As a traditional retail magnate, it failed to keep pace with the times and missed the opportunity to attract young customers.
Sears's so-called fashion brand has never been popular among young people, and even young people disdain it.
So it has almost become a shopping place for grandmothers consumption groups.
Sears CAnada has only recently begun to strengthen online shopping, but it is too late and too slow to do so.
With the continuous development of the online shopping industry, when the online shopping becomes the mainstream, the survival space of the traditional retail industry is bound to be compressed.
Will the traditional department store mode withdraw from the stage of history?
After the emergence of the electricity supplier, the initiative has changed, and shoppers have the right to choose locations for shopping, shopping and pricing.
Traditional retailers are unable to compete with the convenience of electricity suppliers and low price competition.
According to the calculation, in the US business penetration increased by 1%, the operating profit margin of clothing stores dropped by 600 basis points.
The simplest explanation for the demise of the store is that Amazon is swallowing the physical retail industry.
From 2010 to 2016, Amazon's sales in North America increased by 5 times, from $16 billion to $80 billion.
Sears's revenue last year was 22 billion dollars, so it can be said that Amazon has increased the volume of three stores in the past six years.
After catering to the consumer's habits and preferences, the electricity supplier has gained huge online dividends, which has eaten a lot of online stores.
In order to compete with the online market, the price war is not the best policy, or even an egg attack. It only sees the price factors, without reflecting on the lack of cost, supply chain and logistics.
For physical retailers, the biggest challenge is how to get cash flow through online and offline integration mode.
And online traffic dividends may soon come to an end, or there will be no new retail outlets.
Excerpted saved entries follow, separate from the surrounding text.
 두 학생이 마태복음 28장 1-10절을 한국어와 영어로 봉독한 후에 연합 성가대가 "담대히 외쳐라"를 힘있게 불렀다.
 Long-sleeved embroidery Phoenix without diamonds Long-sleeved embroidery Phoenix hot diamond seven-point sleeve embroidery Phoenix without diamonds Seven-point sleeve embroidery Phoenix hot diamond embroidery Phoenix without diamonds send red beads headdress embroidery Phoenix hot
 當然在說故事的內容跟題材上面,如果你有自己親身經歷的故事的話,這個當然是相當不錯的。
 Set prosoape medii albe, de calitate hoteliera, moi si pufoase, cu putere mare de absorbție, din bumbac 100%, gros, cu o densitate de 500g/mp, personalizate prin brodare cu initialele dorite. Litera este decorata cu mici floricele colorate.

It is not hard to see that today's electricity supplier enterprises are becoming entity retailers.
And their offline competitors want to embrace the line.
Online and offline integration is inevitable for the future development of department stores. For the pformation of traditional department stores, the layout line has only one purpose, that is, to provide consumers with a better shopping experience.
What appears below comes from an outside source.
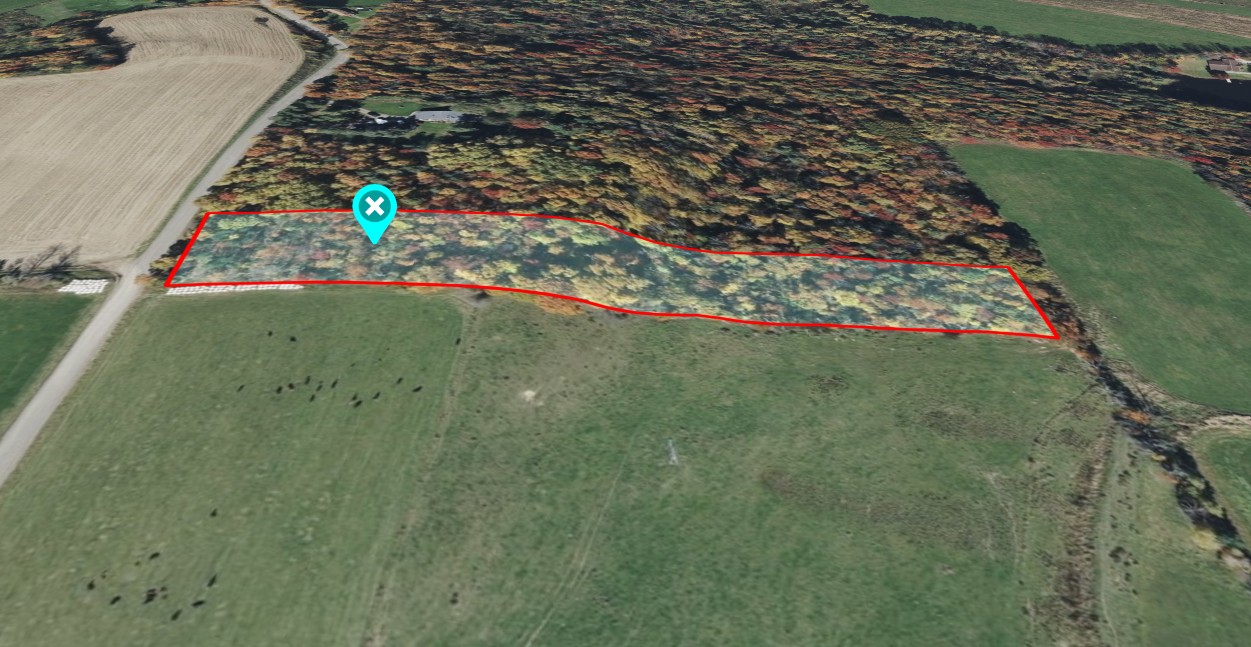 There is an existing driveway entrance with a culvert pipe, approved septic system permit, and an established house number. As you enter the property from the road’s edge, you are greeted with open hardwoods consisting of oak and cherry with some pine trees.

The men's clothing brand Bonobos's physical store does not sell clothes at all, customers go there to try on clothes, and then go online.
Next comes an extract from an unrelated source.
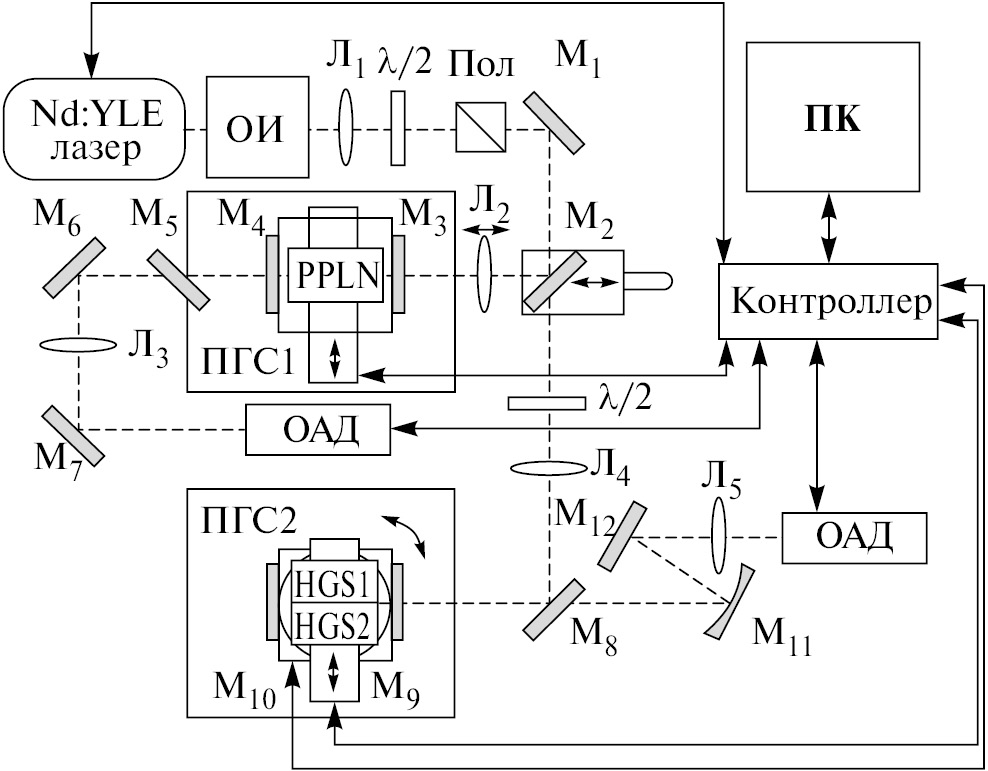 Экспериментальная установка представлена на рис. 1. В качестве источника накачки используется Nd:YLF-лазер c длиной волны 1.053 мкм (TECH-1053 Advanced) с длительностью импульса около 6 нс. Полуширина линии излучения равняется 227 пм (около 2 см–1). Частота следования импульсов может изменяться от 0.1 до 4 кГц. Оптический изолятор (ОИ) Фарадея используется для устранения обратной связи от оптических элементов. Для плавного регулирования мощности используется аттенюатор, состоящий из полуволновой пластинки (λ/2) с призмой Глана (Пол). Для согласования режимов лазера накачки и ПГС используется линза Л1 с фокусным расстоянием 300 мм.
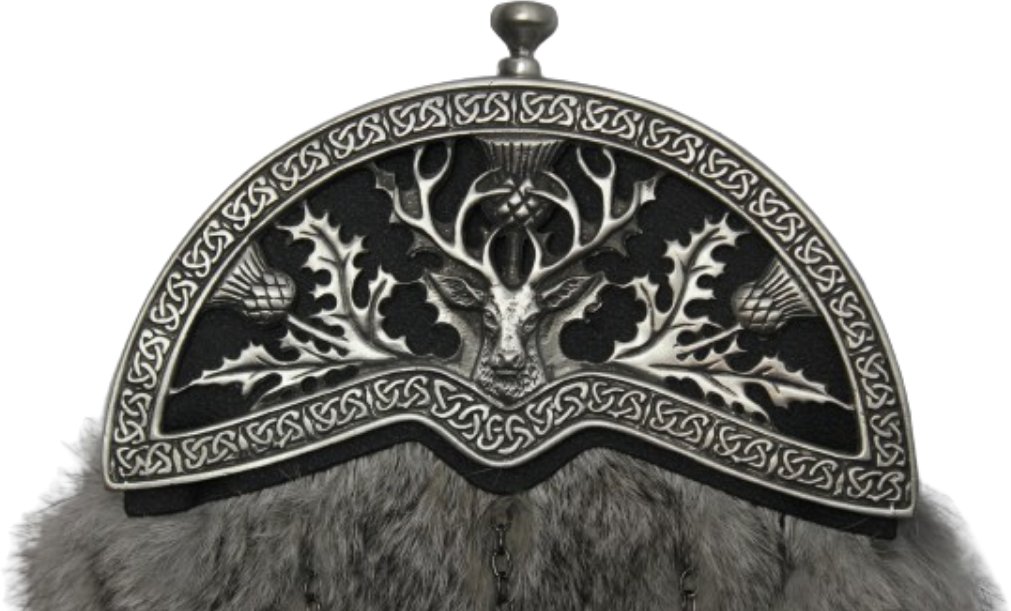 Introducing the Antique Thistle and Stag Grey Chinchilla Rabbit Dress Sporran—an elegant accessory blending tradition with sophistication. Featuring an antique finish and adorned with thistle and stag motifs, this sporran showcases luxurious grey chinchilla rabbit fur, adding a touch of refinement to your dress attire. Embrace the unique charm and craftsmanship of this exquisite piece.

For online retailers, such as Amazon, big data is an important part of its retail revolution.
In the same way, for big retailers, big data can not only help them compete with online rivals, but also become a survival tool for them when profit margins are very narrow.
For example, Unilever will buy consumer data, which can help them determine which commodities are tight and when consumers will buy them, so as to update their inventory more efficiently.
That's what offline retailers should learn.
The innovation of the department store industry is firstly the innovation of positioning and profit mode, and the innovation of theme and format orientation is based on the target consumer group.
The future department store needs to focus on young people. They are not only masters of the main wealth, but also the main force of future consumption.
In short, the department store industry will not die out, but the traditional department store mode will withdraw from the stage of history.
The department store operation team takes the management of consumers as the main work, takes the "traffic" as the core indicator, and improves the consumer experience as the ultimate goal.
It is expected to meet the needs of experience and participation when buying goods.
In a market environment with a level and boundless environment, a businessman who can grasp and conform to the trend of the times and focus on and satisfy the consumer experience can become a winner.
More interesting reports, please pay attention to the world clothing shoes and hats net.